Required action:
From the entries below, say how many lines carry the word "себя", and give nothing but the number.

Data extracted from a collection
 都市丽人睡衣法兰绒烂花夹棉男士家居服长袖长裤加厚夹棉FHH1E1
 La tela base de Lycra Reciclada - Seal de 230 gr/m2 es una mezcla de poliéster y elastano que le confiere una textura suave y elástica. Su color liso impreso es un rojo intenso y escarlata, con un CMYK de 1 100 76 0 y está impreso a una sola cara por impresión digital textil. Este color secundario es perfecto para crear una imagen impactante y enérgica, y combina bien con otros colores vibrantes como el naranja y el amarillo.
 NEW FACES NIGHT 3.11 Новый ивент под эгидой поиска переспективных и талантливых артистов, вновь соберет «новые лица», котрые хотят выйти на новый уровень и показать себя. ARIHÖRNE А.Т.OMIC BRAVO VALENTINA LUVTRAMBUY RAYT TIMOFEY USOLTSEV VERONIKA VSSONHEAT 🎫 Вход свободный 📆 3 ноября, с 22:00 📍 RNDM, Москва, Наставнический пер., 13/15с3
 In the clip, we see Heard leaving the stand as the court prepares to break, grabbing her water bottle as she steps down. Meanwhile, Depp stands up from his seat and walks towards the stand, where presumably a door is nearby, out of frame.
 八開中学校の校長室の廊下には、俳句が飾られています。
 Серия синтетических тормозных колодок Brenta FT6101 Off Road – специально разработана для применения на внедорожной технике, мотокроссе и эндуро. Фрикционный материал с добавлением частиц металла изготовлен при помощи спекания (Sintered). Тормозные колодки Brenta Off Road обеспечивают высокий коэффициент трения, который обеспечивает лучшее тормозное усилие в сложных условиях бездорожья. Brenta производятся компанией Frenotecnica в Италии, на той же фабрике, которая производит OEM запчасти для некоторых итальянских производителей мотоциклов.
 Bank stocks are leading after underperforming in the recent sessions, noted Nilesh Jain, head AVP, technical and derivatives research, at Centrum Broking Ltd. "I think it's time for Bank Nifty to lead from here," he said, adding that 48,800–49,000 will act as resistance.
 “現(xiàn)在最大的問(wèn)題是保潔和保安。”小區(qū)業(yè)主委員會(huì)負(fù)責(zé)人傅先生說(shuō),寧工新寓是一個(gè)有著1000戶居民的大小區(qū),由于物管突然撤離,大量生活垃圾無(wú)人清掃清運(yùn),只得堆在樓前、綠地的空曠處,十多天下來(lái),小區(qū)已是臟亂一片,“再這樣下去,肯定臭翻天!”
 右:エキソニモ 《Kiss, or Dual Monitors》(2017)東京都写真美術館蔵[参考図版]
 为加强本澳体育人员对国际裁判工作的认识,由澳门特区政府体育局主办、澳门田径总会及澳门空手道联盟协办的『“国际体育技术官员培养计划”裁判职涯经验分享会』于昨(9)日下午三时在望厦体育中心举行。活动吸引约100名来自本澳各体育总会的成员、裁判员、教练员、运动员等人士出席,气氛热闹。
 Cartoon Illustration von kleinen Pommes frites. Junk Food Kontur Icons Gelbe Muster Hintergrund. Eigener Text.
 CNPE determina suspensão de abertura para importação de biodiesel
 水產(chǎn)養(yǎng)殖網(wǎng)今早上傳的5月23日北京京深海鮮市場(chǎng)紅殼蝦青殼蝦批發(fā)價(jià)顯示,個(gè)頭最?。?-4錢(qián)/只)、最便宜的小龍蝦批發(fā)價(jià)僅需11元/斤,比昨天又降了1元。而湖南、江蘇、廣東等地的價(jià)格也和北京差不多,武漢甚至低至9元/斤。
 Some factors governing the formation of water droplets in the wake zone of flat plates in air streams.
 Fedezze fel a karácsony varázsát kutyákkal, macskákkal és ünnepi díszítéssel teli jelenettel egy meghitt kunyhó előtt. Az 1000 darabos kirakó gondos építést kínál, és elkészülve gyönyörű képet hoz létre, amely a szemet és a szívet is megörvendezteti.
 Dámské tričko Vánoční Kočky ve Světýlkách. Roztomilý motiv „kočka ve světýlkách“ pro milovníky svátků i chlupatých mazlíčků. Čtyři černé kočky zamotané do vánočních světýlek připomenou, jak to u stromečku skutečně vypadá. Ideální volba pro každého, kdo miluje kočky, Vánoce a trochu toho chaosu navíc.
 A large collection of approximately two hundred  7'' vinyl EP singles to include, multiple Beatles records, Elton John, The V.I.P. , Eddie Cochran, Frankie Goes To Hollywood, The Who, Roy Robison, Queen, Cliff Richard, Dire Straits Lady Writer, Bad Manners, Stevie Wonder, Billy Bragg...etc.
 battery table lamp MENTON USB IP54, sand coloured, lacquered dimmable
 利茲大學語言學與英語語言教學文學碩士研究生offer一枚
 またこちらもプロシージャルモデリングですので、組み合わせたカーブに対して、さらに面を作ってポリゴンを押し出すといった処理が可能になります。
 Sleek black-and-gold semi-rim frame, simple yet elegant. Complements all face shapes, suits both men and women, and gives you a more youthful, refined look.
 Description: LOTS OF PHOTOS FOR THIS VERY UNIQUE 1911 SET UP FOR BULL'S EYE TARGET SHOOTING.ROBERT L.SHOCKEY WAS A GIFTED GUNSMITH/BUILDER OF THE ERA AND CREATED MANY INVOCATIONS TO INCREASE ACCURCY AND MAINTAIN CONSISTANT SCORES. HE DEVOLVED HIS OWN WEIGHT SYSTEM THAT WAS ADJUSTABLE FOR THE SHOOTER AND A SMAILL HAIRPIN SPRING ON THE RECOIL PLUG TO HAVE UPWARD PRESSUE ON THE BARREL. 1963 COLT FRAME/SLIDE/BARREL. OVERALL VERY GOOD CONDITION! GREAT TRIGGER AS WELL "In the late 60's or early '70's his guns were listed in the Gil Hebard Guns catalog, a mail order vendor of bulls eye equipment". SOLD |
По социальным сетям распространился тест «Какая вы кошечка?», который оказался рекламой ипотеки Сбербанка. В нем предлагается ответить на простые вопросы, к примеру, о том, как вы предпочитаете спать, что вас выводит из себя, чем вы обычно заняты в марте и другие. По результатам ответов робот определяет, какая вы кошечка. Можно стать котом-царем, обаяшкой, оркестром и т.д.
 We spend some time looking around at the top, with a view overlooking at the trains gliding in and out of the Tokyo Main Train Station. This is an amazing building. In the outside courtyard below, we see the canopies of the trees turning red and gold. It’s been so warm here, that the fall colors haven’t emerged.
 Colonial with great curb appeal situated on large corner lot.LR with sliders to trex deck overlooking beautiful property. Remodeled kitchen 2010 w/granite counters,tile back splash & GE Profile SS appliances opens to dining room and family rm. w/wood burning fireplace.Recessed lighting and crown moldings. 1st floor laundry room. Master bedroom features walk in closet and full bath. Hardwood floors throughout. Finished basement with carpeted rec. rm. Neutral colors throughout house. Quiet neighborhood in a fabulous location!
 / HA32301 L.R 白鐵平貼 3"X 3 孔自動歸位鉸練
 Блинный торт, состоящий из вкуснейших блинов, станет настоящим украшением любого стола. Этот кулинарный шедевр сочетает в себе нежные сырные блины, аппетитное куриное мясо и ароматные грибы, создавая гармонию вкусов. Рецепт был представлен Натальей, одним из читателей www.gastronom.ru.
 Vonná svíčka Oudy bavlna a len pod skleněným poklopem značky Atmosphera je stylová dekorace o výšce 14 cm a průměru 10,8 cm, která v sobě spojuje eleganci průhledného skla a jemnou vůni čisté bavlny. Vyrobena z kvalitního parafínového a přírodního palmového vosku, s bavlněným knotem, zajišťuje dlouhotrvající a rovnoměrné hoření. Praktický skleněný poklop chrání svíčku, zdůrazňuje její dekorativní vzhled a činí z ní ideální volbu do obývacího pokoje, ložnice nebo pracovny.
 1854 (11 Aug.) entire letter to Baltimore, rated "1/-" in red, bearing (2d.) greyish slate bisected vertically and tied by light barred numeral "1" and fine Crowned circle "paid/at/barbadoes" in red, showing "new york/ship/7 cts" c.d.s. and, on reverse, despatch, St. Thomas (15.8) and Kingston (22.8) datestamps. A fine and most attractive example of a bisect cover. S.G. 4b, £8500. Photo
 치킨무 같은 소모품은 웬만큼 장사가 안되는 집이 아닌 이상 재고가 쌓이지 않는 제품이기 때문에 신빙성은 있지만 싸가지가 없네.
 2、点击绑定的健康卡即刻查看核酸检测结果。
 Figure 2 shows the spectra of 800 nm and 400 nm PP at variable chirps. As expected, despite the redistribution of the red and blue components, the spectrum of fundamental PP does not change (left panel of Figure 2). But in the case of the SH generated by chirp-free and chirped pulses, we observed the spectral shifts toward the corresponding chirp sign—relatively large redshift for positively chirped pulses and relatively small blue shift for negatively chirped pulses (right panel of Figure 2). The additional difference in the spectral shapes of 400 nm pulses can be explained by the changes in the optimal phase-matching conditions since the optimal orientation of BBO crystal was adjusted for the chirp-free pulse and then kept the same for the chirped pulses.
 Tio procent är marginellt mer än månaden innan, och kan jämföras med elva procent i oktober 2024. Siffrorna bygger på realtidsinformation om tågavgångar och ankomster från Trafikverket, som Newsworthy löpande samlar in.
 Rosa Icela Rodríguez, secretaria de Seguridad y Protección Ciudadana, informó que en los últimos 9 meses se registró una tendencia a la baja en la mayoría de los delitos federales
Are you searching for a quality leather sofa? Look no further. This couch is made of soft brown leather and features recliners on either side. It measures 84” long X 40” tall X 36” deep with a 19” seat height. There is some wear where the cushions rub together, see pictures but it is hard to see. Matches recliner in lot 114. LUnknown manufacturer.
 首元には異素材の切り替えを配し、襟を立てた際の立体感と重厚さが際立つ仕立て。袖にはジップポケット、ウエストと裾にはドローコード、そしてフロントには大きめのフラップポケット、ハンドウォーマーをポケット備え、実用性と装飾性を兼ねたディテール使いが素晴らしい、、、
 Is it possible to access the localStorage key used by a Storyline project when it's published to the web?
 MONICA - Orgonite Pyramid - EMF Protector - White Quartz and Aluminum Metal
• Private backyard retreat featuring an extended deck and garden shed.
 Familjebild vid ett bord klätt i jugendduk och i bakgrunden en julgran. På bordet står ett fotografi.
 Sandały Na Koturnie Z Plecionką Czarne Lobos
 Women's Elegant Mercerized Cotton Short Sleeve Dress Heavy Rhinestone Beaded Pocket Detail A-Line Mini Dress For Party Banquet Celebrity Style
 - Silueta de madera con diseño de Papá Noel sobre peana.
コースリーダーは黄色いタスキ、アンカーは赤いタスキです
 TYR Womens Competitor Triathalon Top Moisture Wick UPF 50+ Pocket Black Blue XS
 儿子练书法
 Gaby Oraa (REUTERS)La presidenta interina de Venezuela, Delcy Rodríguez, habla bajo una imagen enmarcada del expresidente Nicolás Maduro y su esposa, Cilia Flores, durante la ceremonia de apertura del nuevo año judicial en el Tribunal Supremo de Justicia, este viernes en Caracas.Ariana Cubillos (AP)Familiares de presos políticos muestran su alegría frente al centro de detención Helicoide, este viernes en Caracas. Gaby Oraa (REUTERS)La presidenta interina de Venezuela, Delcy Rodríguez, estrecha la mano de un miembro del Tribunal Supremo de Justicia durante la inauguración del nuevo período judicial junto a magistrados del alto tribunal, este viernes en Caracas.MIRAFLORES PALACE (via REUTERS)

Expected answer:
2